Step 6, final representation of image and text mode、Input into hash coding network composed of multi-layer perceptron to generate hash code for searchingAndAnd use contrast lossThe generation of the hash code is supervised.
Using two modality-specific hash functions implemented by a multi-layer perceptronA hash code is generated for the samples of each modality, denoted as:
,
,
 Wherein the method comprises the steps ofFor a binary function, a common subspace learned for contrast loss optimization is introduced, as follows:
,
,
,
 AndIs a truly aligned image-text pair.
Step 7, utilizing the learned hash code、、、And integrated similarity matrixConstructing a loss function, and updating parameters of the hash coding network based on the loss function;
 using learned hash codes、、、And integrated similarity matrixConstructing a loss function:
,
,
,
,
,
 Wherein,Is a super-parameter for adjusting the scaling range of the similarity matrix, and is a symbolWhich represents the Hadamard product of the two,Is a hyper-parameter that measures the weight between different losses.

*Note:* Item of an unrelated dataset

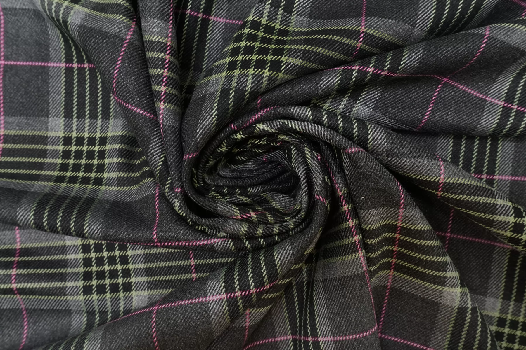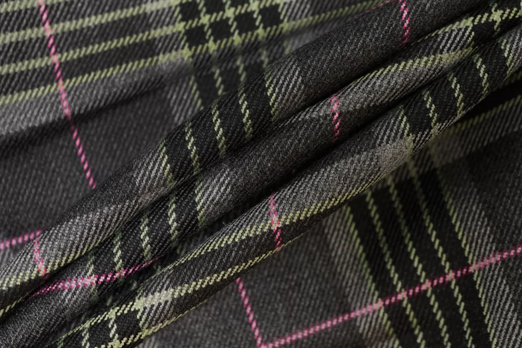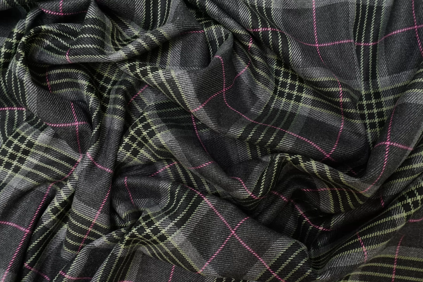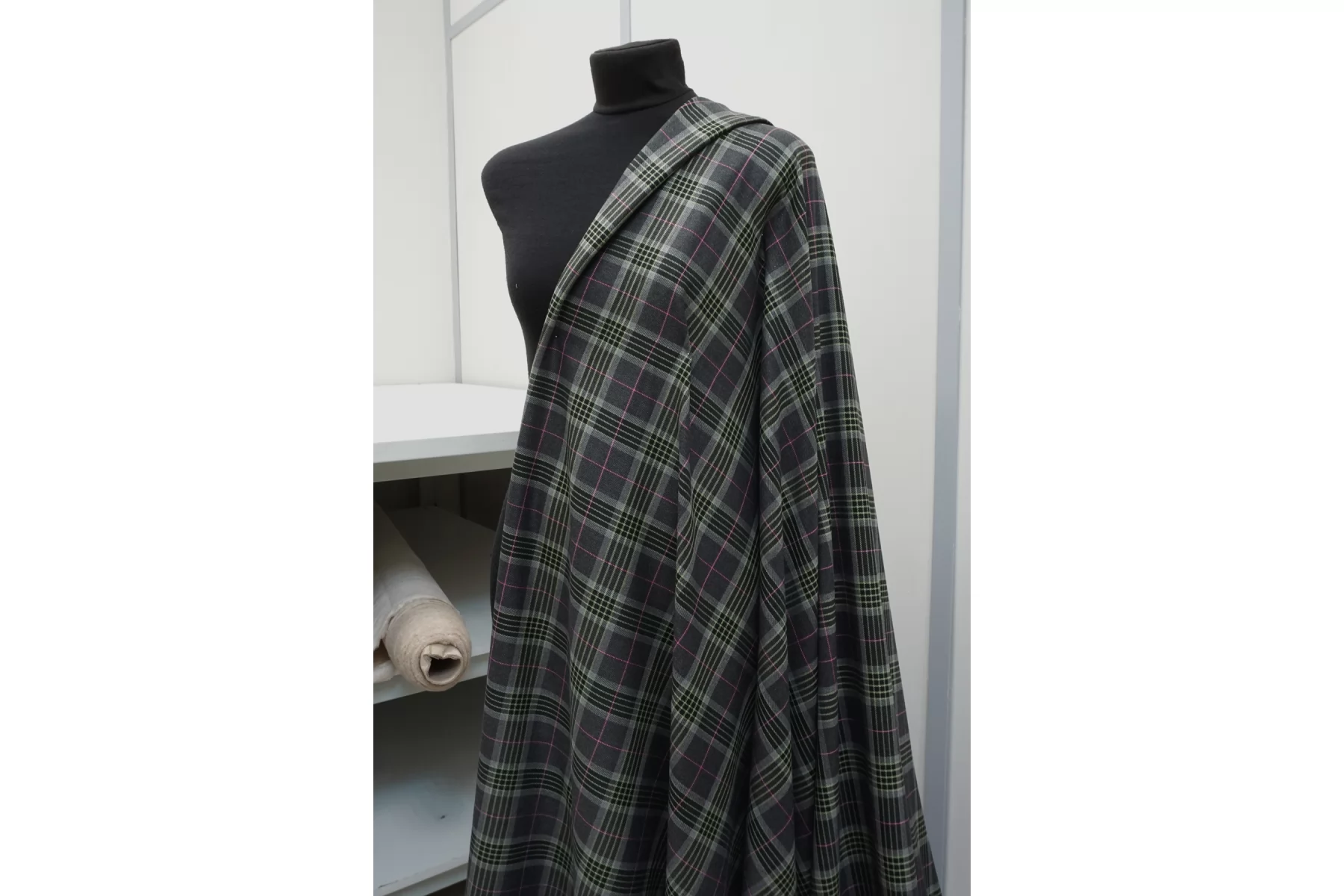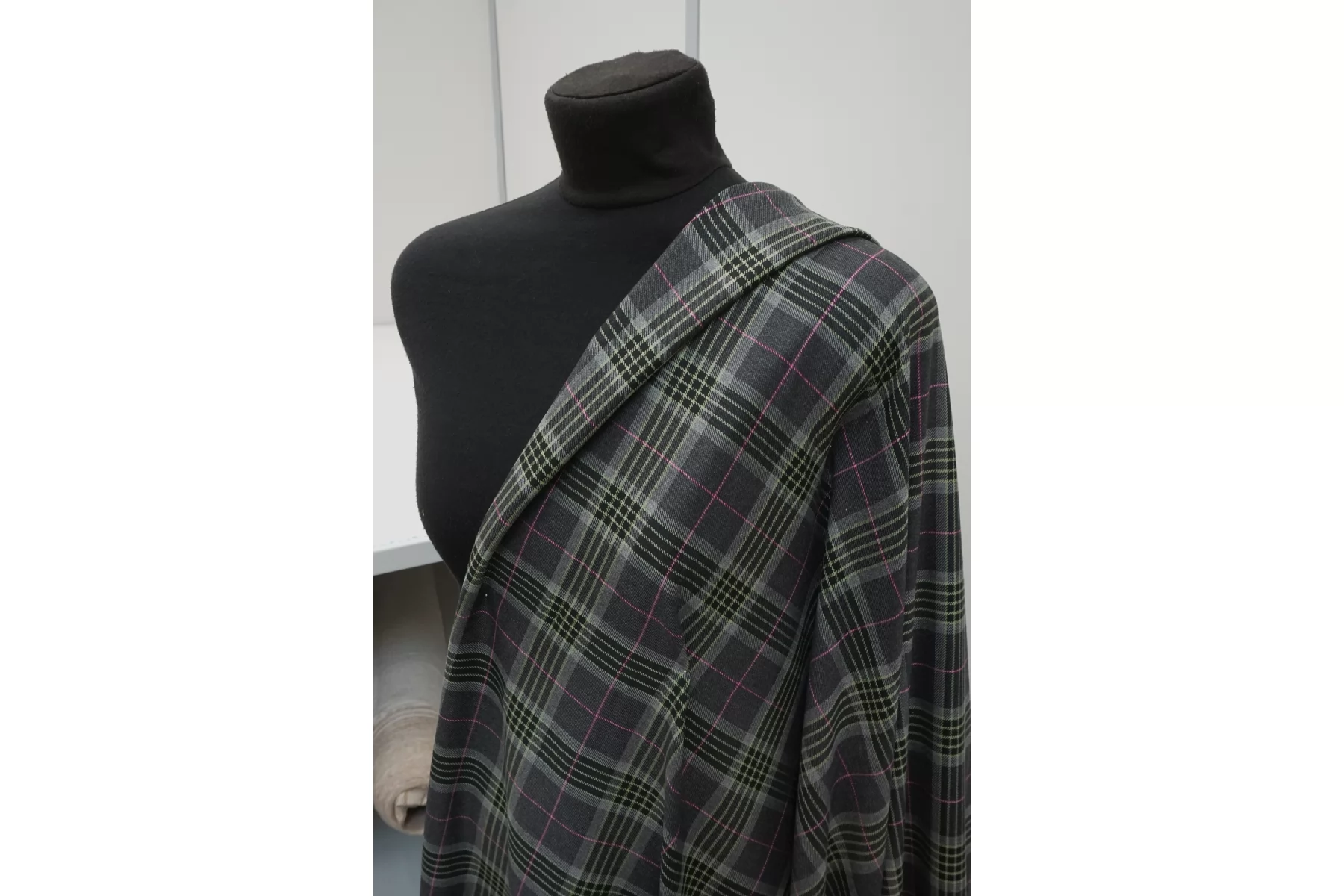 Костюмная поливискоза в клетку из нитей серого, чёрного и зелёного цвета. Материал тактильно приятный и мягкий, гладкий, тонкий, но плотненький, не мнется. Обладает хорошей износостойкостью. Красив в своей пластике. Не просвечивает. Немного держит форму. Тянется за счет содержания эластана. Шьем жакеты, костюмы, платья, юбки, брюки и не только. Рекомендуется деликатный уход.
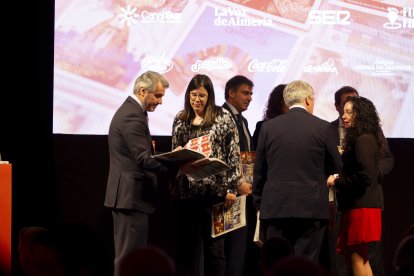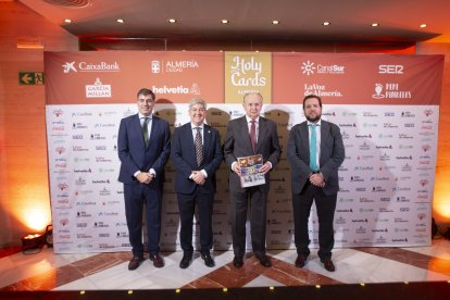 José Rafael Soto, presidente de la Agrupación, con Juan Carlos Ramos Picchi y Javier Ayala junto al gerente de LA VOZ y SER Almería, Ricardo Céspedes.

And 8, searching according to the task data to be searched and the trained cross-modal searching model to obtain a searching result.
Example two
The embodiment provides a CLIP-based hypergraph convolution unsupervised cross-modal hash system, which comprises the following steps:
 a multi-modal data acquisition module for acquiring a multi-modal training dataset;
 The cross-modal retrieval model training module is used for training the cross-modal retrieval model based on a multi-modal training data set to obtain a trained cross-modal retrieval model, and specifically comprises the following steps:
 Performing cross-modal fusion on the image features and the text features extracted based on the multi-modal training data set to obtain cross-modal fused image features and text features;
 Constructing an image mode similarity matrix based on the image features and the text features, constructing a text mode similarity matrix based on the cross-mode fused image features and text features, and unifying the image mode similarity matrix and the text mode similarity matrix to a robust similarity matrix;
 Utilizing a robust similarity matrix, introducing a hypergraph to aggregate common features of similar samples into a hyperedge to obtain a hypergraph incidence matrix, utilizing the incidence matrix to carry out hypergraph convolution on image features and text features, and mining high-order semantic information among all nodes to obtain hash codes in a hypergraph learning process;
 constructing a reconstruction loss function according to the generated hash code and the robust similarity matrix, and updating parameters of the hash coding network based on the reconstruction loss function;
 and the retrieval module is used for retrieving and obtaining a retrieval result according to the task data to be retrieved and the trained cross-modal retrieval model.
Example III
The present embodiment provides a computer readable storage medium having stored thereon a computer program which when executed by a processor performs the steps in a hypergraph convolution based unsupervised cross-modality retrieval method as described above.
Example IV
The present embodiment provides a computer device comprising a memory, a processor and a computer program stored on the memory and executable on the processor, the processor implementing the steps in a hypergraph convolution based unsupervised cross-modal retrieval method as described above when executing the program.
The above description is only of the preferred embodiments of the present invention and is not intended to limit the present invention, but various modifications and variations can be made to the present invention by those skilled in the art. Any modification, equivalent replacement, improvement, etc. made within the spirit and principle of the present invention should be included in the protection scope of the present invention.